The inverse of matrix N = \(\begin{vmatrix} 2 & 3 \\
1 & 4\end{vmatrix}\) is

Options

A) \(\frac{1}{5}\) \(\begin{vmatrix} 2 & 1 \\ 3 & 4\end{vmatrix}\)

B) \(\frac{1}{5}\) \(\begin{vmatrix} 4 & -3 \\ -1 & 2\end{vmatrix}\)

C) \(\frac{1}{5}\) \(\begin{vmatrix} 2 & -1 \\ -3 & 4\end{vmatrix}\)

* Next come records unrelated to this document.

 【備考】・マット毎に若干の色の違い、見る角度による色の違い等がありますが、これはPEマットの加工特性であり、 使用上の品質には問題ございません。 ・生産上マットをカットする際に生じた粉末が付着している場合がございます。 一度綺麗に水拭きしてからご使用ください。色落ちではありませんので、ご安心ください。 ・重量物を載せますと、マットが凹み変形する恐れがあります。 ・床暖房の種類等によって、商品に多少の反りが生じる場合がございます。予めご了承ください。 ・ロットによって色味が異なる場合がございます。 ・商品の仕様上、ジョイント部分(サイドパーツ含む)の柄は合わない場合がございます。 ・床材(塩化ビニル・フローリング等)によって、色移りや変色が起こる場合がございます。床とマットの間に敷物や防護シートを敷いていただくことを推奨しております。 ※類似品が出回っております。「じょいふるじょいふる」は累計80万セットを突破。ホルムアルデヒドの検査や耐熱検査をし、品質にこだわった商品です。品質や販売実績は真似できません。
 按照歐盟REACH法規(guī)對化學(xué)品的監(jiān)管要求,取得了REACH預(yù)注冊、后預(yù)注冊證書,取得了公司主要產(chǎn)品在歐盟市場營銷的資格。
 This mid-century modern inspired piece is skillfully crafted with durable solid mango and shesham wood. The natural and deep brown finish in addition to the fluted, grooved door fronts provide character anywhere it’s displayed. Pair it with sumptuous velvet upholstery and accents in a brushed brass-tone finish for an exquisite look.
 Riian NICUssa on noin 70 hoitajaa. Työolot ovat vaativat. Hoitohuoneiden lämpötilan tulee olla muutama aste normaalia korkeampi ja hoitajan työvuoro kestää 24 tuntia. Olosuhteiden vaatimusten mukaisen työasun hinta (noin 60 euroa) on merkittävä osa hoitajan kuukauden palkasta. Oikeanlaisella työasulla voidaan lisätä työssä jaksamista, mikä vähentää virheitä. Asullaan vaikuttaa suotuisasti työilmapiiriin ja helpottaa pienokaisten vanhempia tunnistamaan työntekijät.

D) \(\frac{1}{5}\) \(\begin{vmatrix} 4 & 3 \\ 1 & 2\end{vmatrix}\)

The correct answer is B.

Explanation:

N = [2 3]
N-1 = \(\frac{adj N}{|N|}\)
adj N = \(\begin{vmatrix} 4 & -3 \\ -1 & 2 \end{vmatrix}\)
|N| = (2 x4) - (1 x 3)
= 8 - 3
=5
N-1 = \(\frac {1}{5}\) \(\begin{vmatrix} 4 & -3 \\ -1 & 2 \end{vmatrix}\)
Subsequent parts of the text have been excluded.